■ **Work order**:
Your answer must be only the lines below from the one containing "Peinture de grotte" through the one containing "세화 바다는 바쁘다.", copied exactly, with the pictures left out.

■ **Data supplied**:
+--

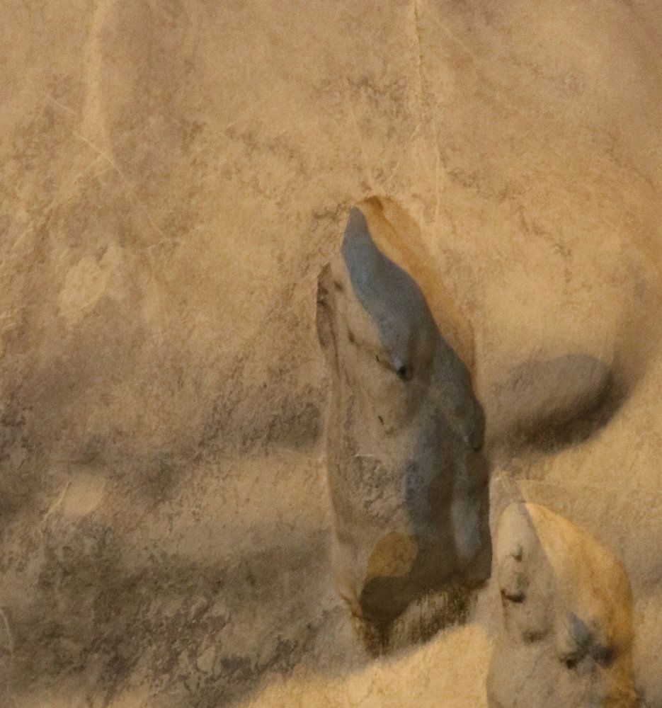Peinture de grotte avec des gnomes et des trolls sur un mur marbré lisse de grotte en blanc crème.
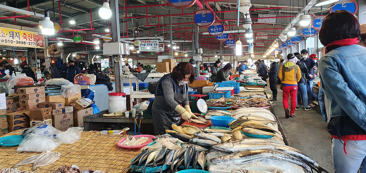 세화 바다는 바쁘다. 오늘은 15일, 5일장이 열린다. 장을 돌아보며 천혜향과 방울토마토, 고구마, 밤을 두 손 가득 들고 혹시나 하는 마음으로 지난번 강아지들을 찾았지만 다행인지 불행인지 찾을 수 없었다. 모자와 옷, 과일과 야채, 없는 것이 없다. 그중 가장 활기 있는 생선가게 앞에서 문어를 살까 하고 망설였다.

+--

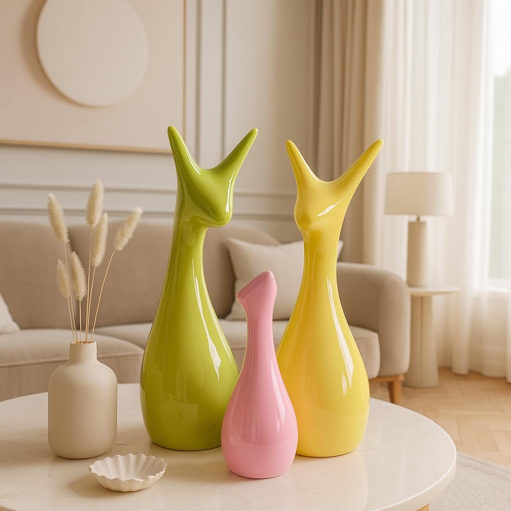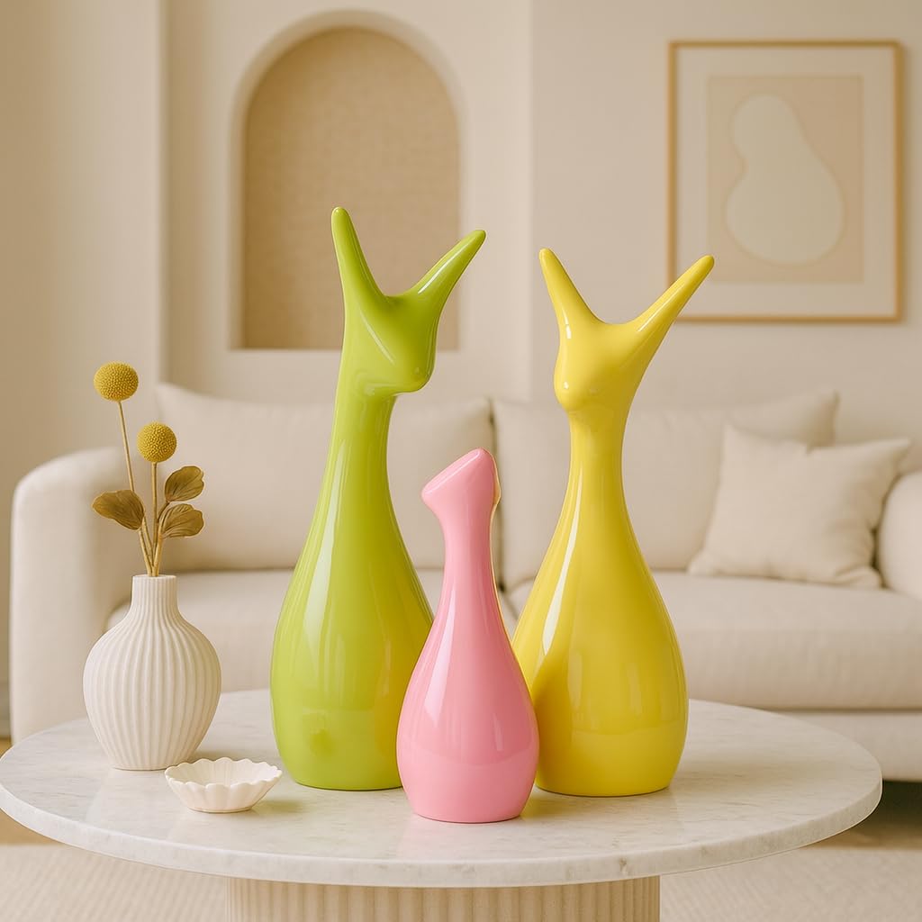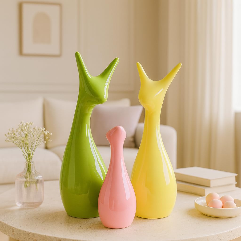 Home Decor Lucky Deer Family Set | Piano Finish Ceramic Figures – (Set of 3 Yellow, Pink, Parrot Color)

+--

■ **Finished exercise**:
Peinture de grotte avec des gnomes et des trolls sur un mur marbré lisse de grotte en blanc crème.
 세화 바다는 바쁘다. 오늘은 15일, 5일장이 열린다. 장을 돌아보며 천혜향과 방울토마토, 고구마, 밤을 두 손 가득 들고 혹시나 하는 마음으로 지난번 강아지들을 찾았지만 다행인지 불행인지 찾을 수 없었다. 모자와 옷, 과일과 야채, 없는 것이 없다. 그중 가장 활기 있는 생선가게 앞에서 문어를 살까 하고 망설였다.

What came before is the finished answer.